Like I said I toyed with the idea many times, but never quite got around to penning it. Why? Maybe it’s the restriction of the format. The POV is of only the writer and is further restricted by the relationship with the one to whom the letter is written. Events that could impact those two people could only be written about from the perspective of the letter writer’s direct experience. If not crafted properly it could leave lots of holes in the narrative. Or maybe it’s my lack of confidence in my ability to write in a format that deviates from the writer as the omniscient narrator.
To improve and expand my writing skills in that area, I tried to do a little research on epistolary novels. I found a short list of epistolary novels on Wikipedia, but not much on the craft of writing them. If there is any of you who know of a resource that would help a person hone this specific skill, I’d like you to tell me about it.

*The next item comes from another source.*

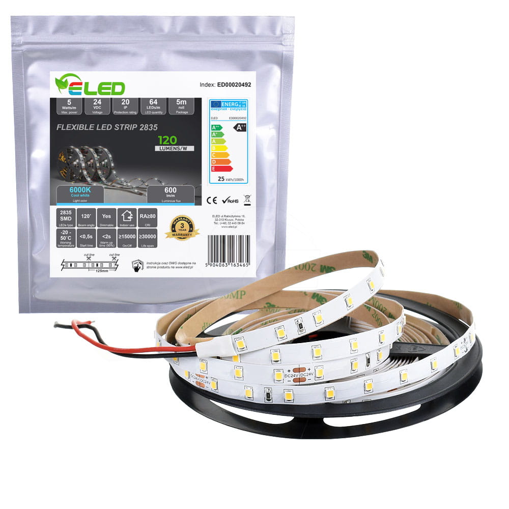 Taśma LED 320 SMD 2835 24V 5W 120lm/W zimna 6000K

Until I get the courage to leave the safety net of the omniscient narrator and write my love story as an epistolary novel, I will leave you with my epistolary poem written when I was a teenager.
To the Preacher
I watch you very close,
But you don’t know me, I suppose?
I listen to the words you say to me
And try to be what I ought to be.
You speak the words of truth, I know,
Because I search the bible to see if it’s so.
But there is only one little flaw:
What I heard, is not what I saw.
So often you speak of humility,
But I don’t know the meaning, you see,
For when I look upon your side
All I see is pomp and pride.
Jesus was a lowly man
Ate with sinners and publicans
But because my father is a drunken man
He is not welcomed to shake your hand.
All this and more I see,
Plus the church is filled with hypocrisy.
We need a broom to sweep the floor,
Starting from the pulpit, right to the door.
But all this shouldn’t surprise me when
The church is led by businessmen
Oh my humble spirit longs to see
Your destiny in eternity.
Signed: yours truly
P.S. I hope the broom sweeps out the sin!